When it comes to a picture of a scene, what is 'the right one'?

You're assuming that a scene affords one Correct shot, as if solving arithmetic.

But if there are many good interpretations of a scene, why not take more photos?
 
The point has to be made that every now and then I take out something basic/primitive just so that I don't forget how to take a picture, properly. Of course, every one else's' idea of proper picture taking may well be a lot different from mine.

Regards, David
 
When it comes to a picture of a scene, what is 'the right one'?

You're assuming that a scene affords one Correct shot, as if solving arithmetic.

But if there are many good interpretations of a scene, why not take more photos?

If you aren't going to use them all, why shoot them?

You're not going to show people 43 almost identical pictures (if you make a habit of doing so, you deserve to be shot, and not with a camera).

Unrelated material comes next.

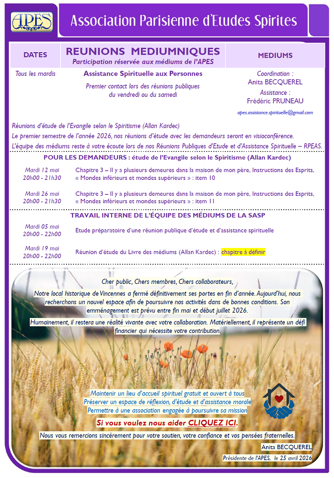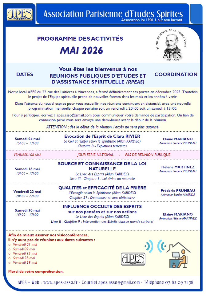 Monsieur, · une semaine le samedi après-midi de 15h à 17h, · la semaine suivante le vendredi soir de 20h à 22h, · ainsi de suite... Veuillez trouver le programme de nos activités spirites de MAI 2026 en pièce jointe et sur http://www.apes-asso.fr

Sooner or later you have to pick the shots you want to use, whether ;use' is illustrating a magazine article, hanging on the wall, or anything else. 'Sooner' is at the time you shoot'; 'later' is at the time you edit. In fact I think I'll start a thread on this...

Cheers,

R.
 
Be aware that the D700 does not show 100% of the image in the VF, this comes to light when it is shot along side a D3 which does.

Yeah, I know, thanks. I was horrified when I saw this being that the D700 is about the only DSLR I like (due to size, FF, lens with aperture rings, etc)... but I tested it and thought it was fine in practice. I also don't mind using live view.

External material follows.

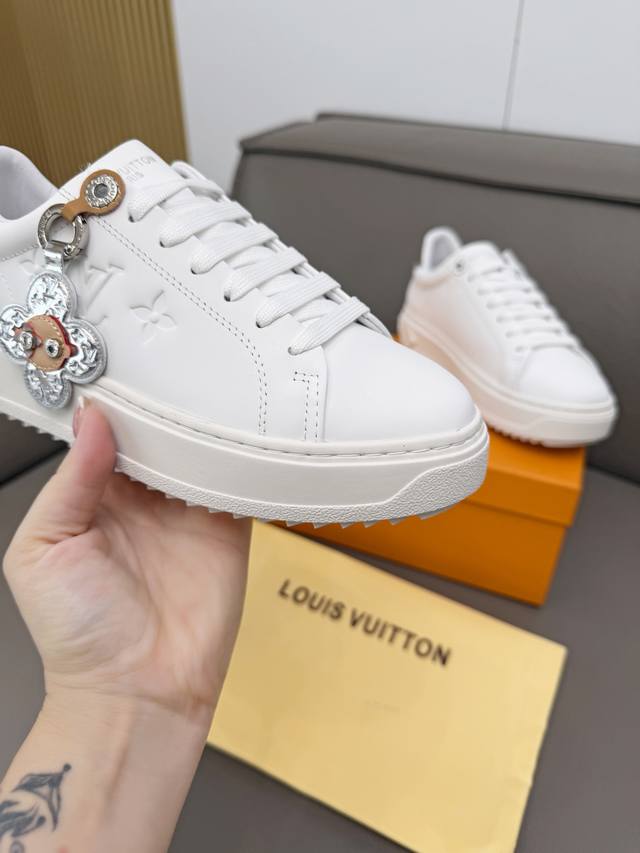 上新 DDD 这款Time Out运动鞋的版本细节丰富,采用光滑的小牛皮材质,装饰有镜面效果皮革的镶边。侧边则装饰有Vivienne标签,该标签由天然皮革和镜面效果皮革制成,上面压印着Monogram图案。 DDD 码数:35-42码, 34和42码可订做 男码,38-45 欢迎上图下单! DDD

When I shoot film M's I just don't worry about precision framing, I guess because the review comes hours later in the darkroom.

Exactly... or days later, or weeks later, etc.
 
If you aren't going to use them all, why shoot them?

You're not going to show people 43 almost identical pictures (if you make a habit of doing so, you deserve to be shot, and not with a camera).

Sooner or later you have to pick the shots you want to use, whether ;use' is illustrating a magazine article, hanging on the wall, or anything else. 'Sooner' is at the time you shoot'; 'later' is at the time you edit. In fact I think I'll start a thread on this...

Cheers,

R.

Never said all of the shots would be worth showing people. Just said that I don't think there's one 'correct' shot in a given scene, so why not keep exploring, keep digging for something beyond your first take on what you see.
 
After reading so many comments I think that in the digital world "editing" is the magic word. Of course it is also in the analog worls, but numbers are different!
robert
PS Unfortunately last week a friend on my wife show us 200 images from her last trip. 80 % of them were almost identical and the ones really good disappeared in the group...ah, editing...
 
Editing indeed. Every once in a while I visit Flickr to view a topic, location whatever and flipping through 8 pages of the same shot can be annoying.

In the press image banks though it an equal $ though.